[rabbitmq-discuss] Autoheal failure
Matt Pietrek
mpietrek at skytap.com
Tue Feb 11 17:30:55 GMT 2014
Simon,
Glad you were able to repro mgmt database thing.
As for the prior Autoheal activity, here's a sanitized version of what I've
got by grepping for "Autoheal", with a little bit of extra context (-C 10).
Let me know if you need something else in particular.
On the "winning" side ("goodnessmq1")
---------------------------------
=INFO REPORT==== 2-Feb-2014::07:28:18 ===
closing AMQP connection <0.25083.0> (goodness2mq1.foo.bar.com:36360 ->
goodnessmqvip1.foo.bar.com:5672)
=WARNING REPORT==== 2-Feb-2014::07:28:18 ===
closing AMQP connection <0.19158.0> (goodnessawsd1.foo.bar.com:52133 ->
goodnessmqvip1.foo.bar.com:5672):
connection_closed_abruptly
=INFO REPORT==== 2-Feb-2014::07:28:20 ===
Autoheal request received from rabbit at goodnessmq2
=ERROR REPORT==== 2-Feb-2014::07:28:20 ===
Mnesia(rabbit at goodnessmq1): ** ERROR ** mnesia_event got
{inconsistent_database, running_partitioned_network, rabbit at goodnessmq2}
=INFO REPORT==== 2-Feb-2014::07:28:20 ===
Autoheal decision
* Partitions: [[rabbit at goodnessmq2],[rabbit at goodnessmq1]]

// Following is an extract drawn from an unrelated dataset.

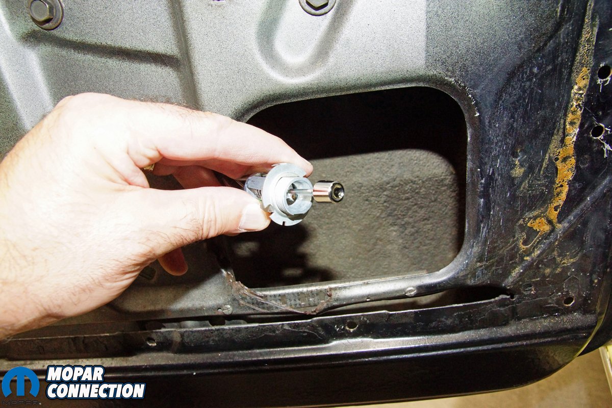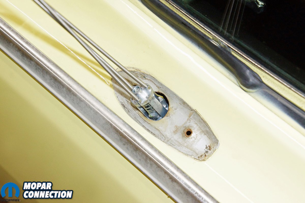 To replace our Dart’s factory remote operated exterior mirror, we selected a 1966-74 A and B-body remote outer door mirror (round type). It came supplied with all the required installation hardware (MD2207). To remove the mirror, we unthreaded the collar nut from the control lever mounted on the interior side of the door. We pushed the control lever (and attached cables) through the mounting hole and into the door cavity.

* Winner: rabbit at goodnessmq1
* Losers: [rabbit at goodnessmq2]
=INFO REPORT==== 2-Feb-2014::07:28:20 ===
Autoheal request sent to rabbit at goodnessmq1
=INFO REPORT==== 2-Feb-2014::07:28:20 ===
Autoheal: I am the winner, waiting for [rabbit at goodnessmq2] to stop
=INFO REPORT==== 2-Feb-2014::07:28:20 ===
Autoheal request received from rabbit at goodnessmq1 when in state
{winner_waiting,
[rabbit at goodnessmq2],
[rabbit at goodnessmq2]}; ignoring
=INFO REPORT==== 2-Feb-2014::07:28:20 ===
accepting AMQP connection <0.25103.0> (goodness1mq1.foo.bar.com:57781 ->
goodnessmqvip1.foo.bar.com:5672)
=ERROR REPORT==== 2-Feb-2014::07:28:20 ===
connection <0.25103.0>, channel 1 - soft error:
{amqp_error,not_found,
"home node 'rabbit at goodnessmq2' of durable queue 'federation:
skytap -> mq_prod/goodness1' in vhost '/' is down or inaccessible",
--
"home node 'rabbit at goodnessmq2' of durable queue 'federation:
skytap -> mq_prod/goodness2' in vhost '/' is down or inaccessible",
'queue.declare'}
=INFO REPORT==== 2-Feb-2014::07:28:24 ===
closing AMQP connection <0.25176.0> (goodness2mq1.foo.bar.com:59858 ->
goodnessmqvip1.foo.bar.com:5672)
=INFO REPORT==== 2-Feb-2014::07:28:25 ===
rabbit on node rabbit at goodnessmq2 down
=INFO REPORT==== 2-Feb-2014::07:28:25 ===
Autoheal: final node has stopped, starting...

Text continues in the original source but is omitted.